When running full tilt, the gun-engine’s induction stroke supplies fuel vapor with air into the explosion chamber where heat and compression occur. Then a primary power stroke feeds four compression and four extra power strokes, which convert all the energy into extra work. (Ref.) This concept has a central drive motor with the usual gears and transmission, so although it has more of the energy converted to power, it will still be using a significant percentage of that extra power to move its own parts rather than only to turn wheels. Also, an engine that is driven by explosions will be inherently noisy.
Another version by Raphial Morgado, replaces a 3000-lb engine with one weighing 150 lb., hinting at the reason for his naming of it as the MYT or “Massive, Yet Tiny”! In his design, the pistons move stepwise, each following the other in a toroidal cylinder while allowing openings for air intake. By firing 16 times in one rotation, he makes the equivalent of a 32-cylinder four-stroke engine. In demonstrations, the MYT engine is using pressurized air; it has not been extensively tested yet running on fuel, though they have run it on diesel briefly.

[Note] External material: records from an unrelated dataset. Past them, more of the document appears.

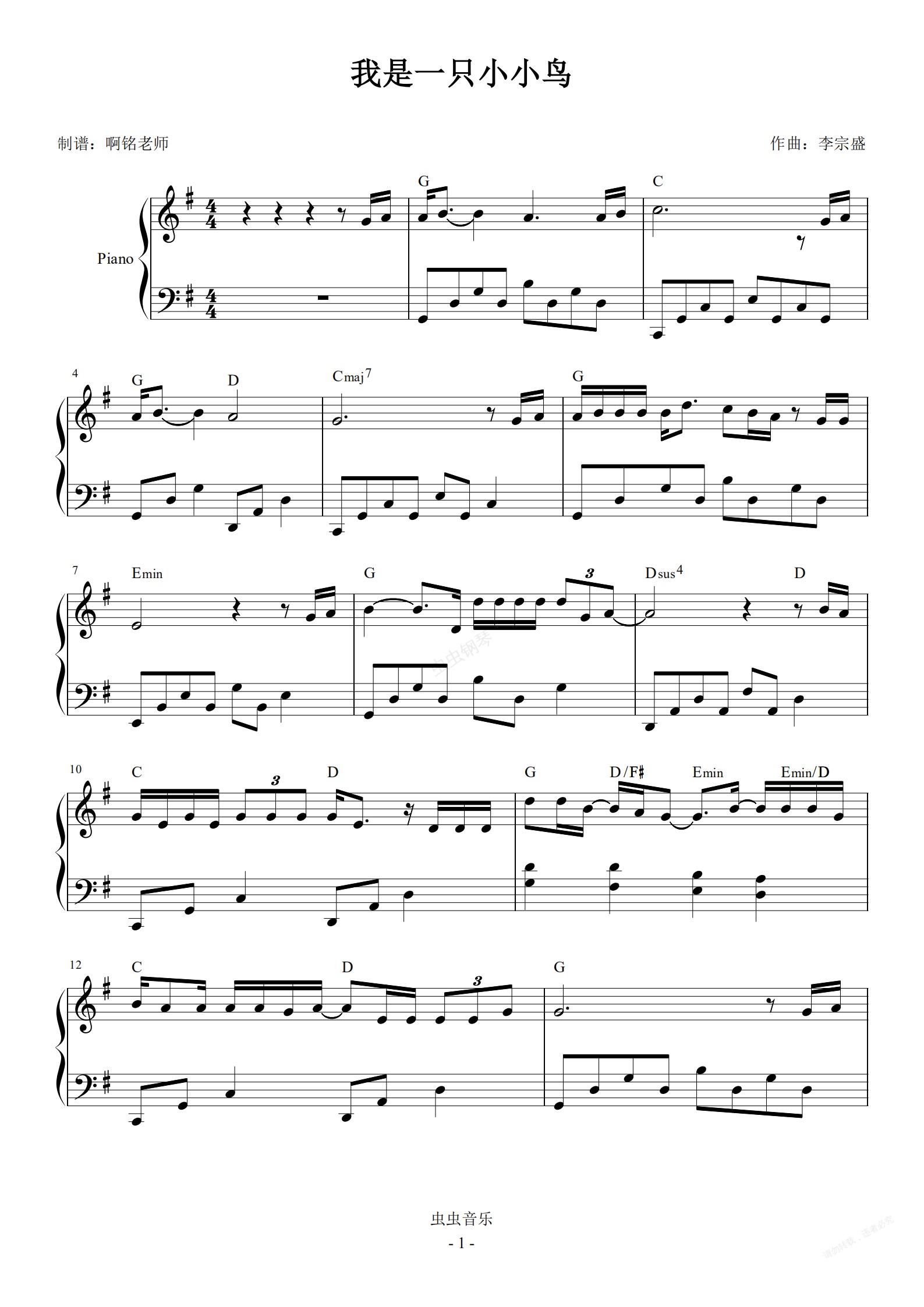钢琴谱:我是一只小小鸟 G调简易 原版和弦
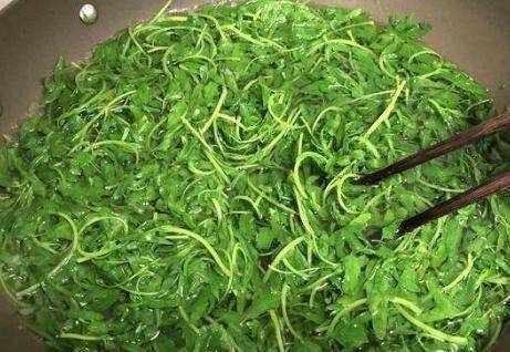 制作過程:第一步是準備紫花苜蓿。去根除雜後,徹底清洗幹凈,鍋內倒入清水,水開後加鹽。加入紫花苜蓿,用水焯一下;
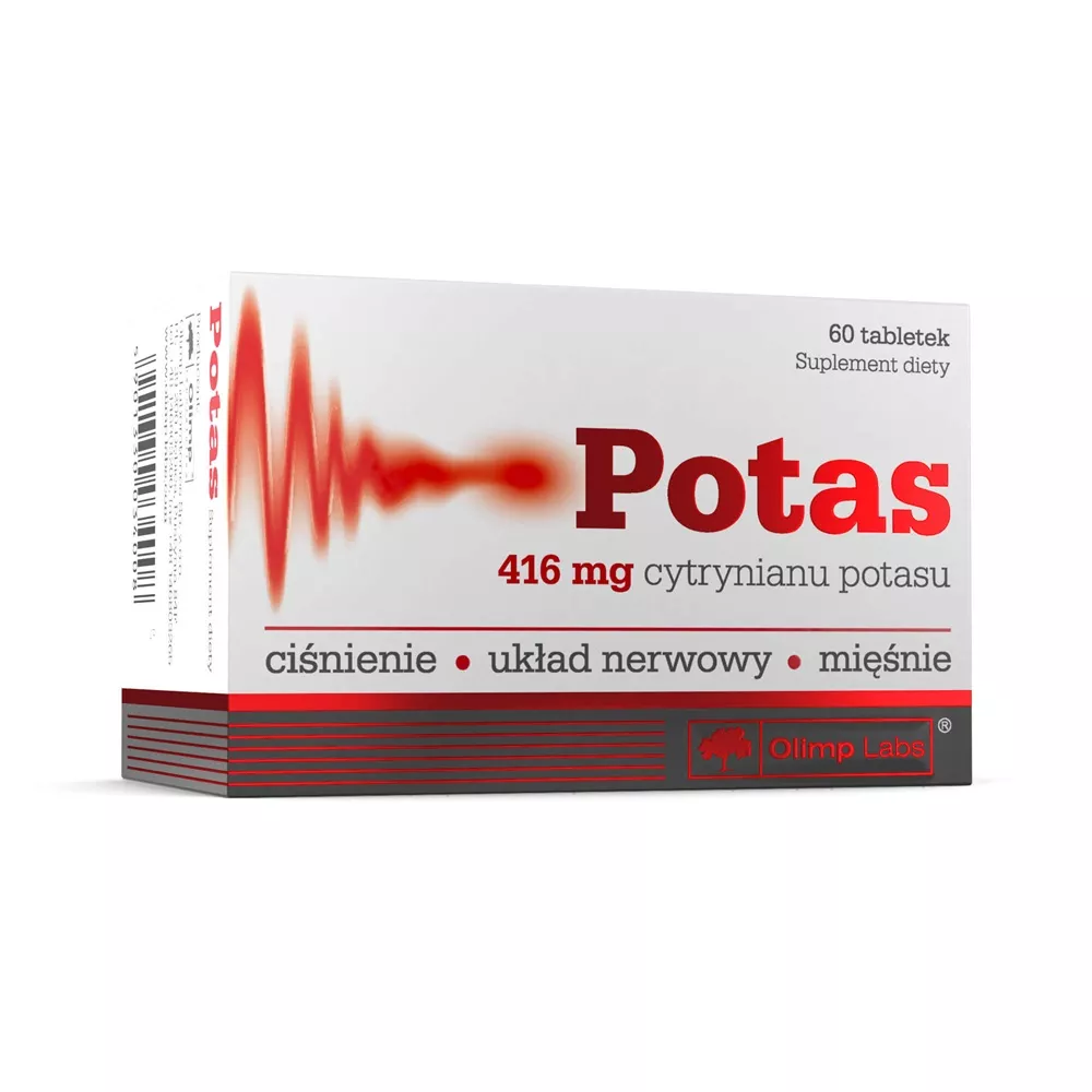 Olimp Labs Potas 416 mg to suplement diety zawierający cytrynian potasu, który jest wysoko przyswajalnym źródłem tego niezbędnego składnika mineralnego. Potas odgrywa kluczową rolę w funkcjonowaniu wszystkich organizmów żywych.
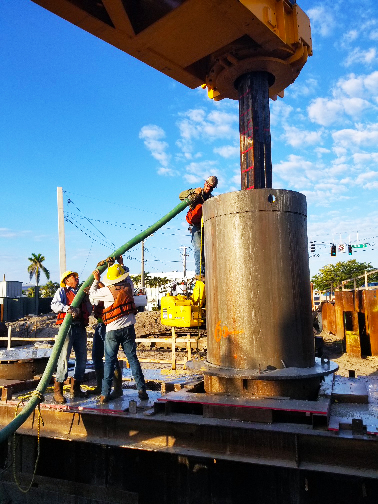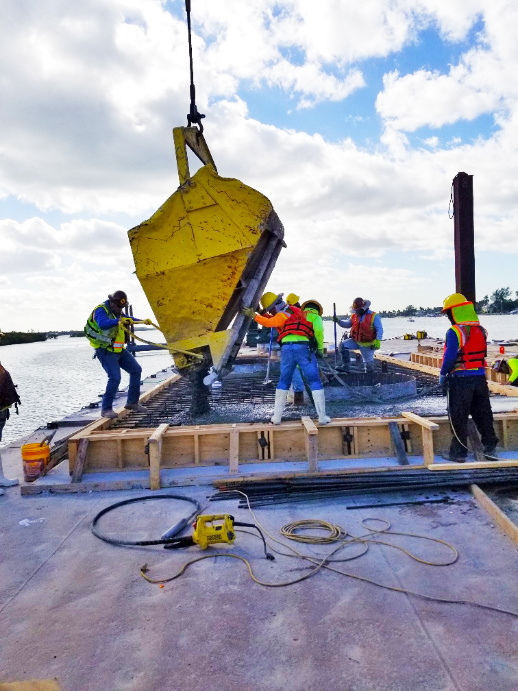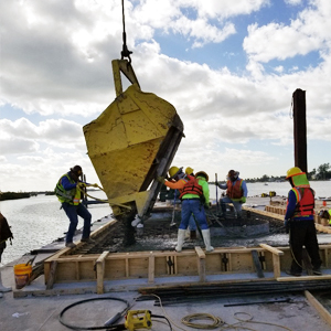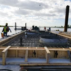 Concrete is poured to create a seal slab foundation for a bascule pier. December 2018
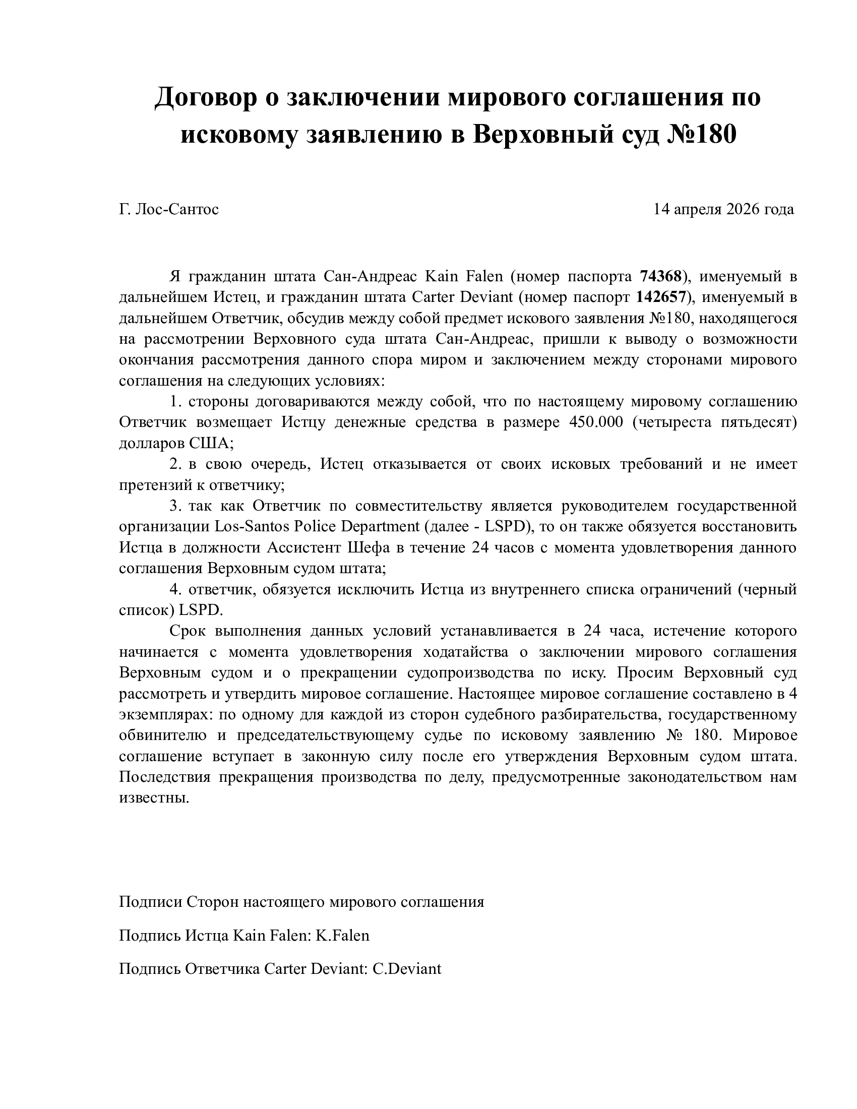 Договор о заключении мирового соглашения по исковому заявлению в Верховный суд
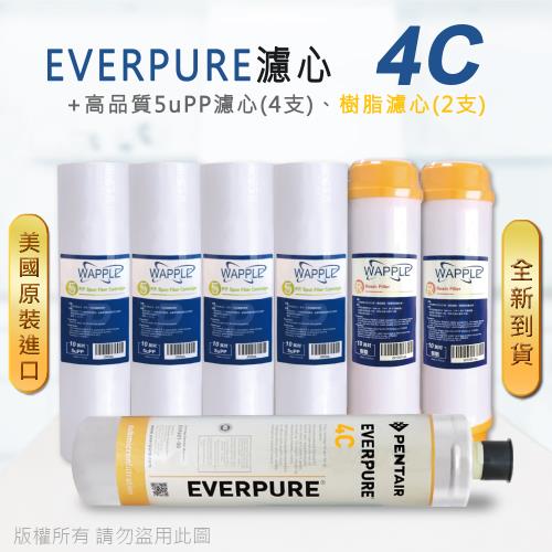 【Everpure】美國原廠平行輸入 4C 濾心+高品質前置5uPP濾心+樹脂濾心(7支組)

Morgado has achieved a power to weight ratio forty times better than conventional motors, and also shows a reduced parts count, smaller size and weight, and high mechanical efficiency. He envisions the MYT Engine installed in aircraft, big ships, tractor trailers and big-rig trucks, pumping stations, and power generator applications. The MYT Engine as a pump/compressor exceeds existing pumps and compressors in providing massive pressure, volume, and flow, all in one unit. (Ref.)
Which compressed-air engine is better?
The answer might be in completing the question and asking, “better for what purpose?” The new inventions offer greatly improved extraction of power from available fuel or electricity converted to compressed air at one stage or another, with air cushioning operation and reducing wear on engine parts. It may be that each of the above motors will fill a niche in the overall market, being ideal for some applications and situations, but not in others.
If all of these new, more efficient designs come into production and compete directly, the public will have a wider choice of motor options that save fuel and emit fewer or no polluting gases or particles. People can then choose the one that best fits their needs, considering such factors as noise level, size and weight, overall power output, and whether they wish to avoid burning or exploding fuel at any stage of the operation.
Engineair Pty Ltd was established on 9 September 2000 to research and develop Di Pietro’s design first built in 1997. They have facilities close to Melbourne in Australia, with state-of-the-art equipment for testing and measuring performance. Entering the stage of commercializing its technology, the company is doing quality checks on the first lot of motors, which are destined for the mining industry and for various stationary applications.
The company has several partners and investors. They have been receiving enquiries from around the world. Since their intention is to license the product for various applications, they are willing to consider further partnerships and will entertain offers from car manufacturers. Additional investment partners may be able to participate to expand production and to develop new applications.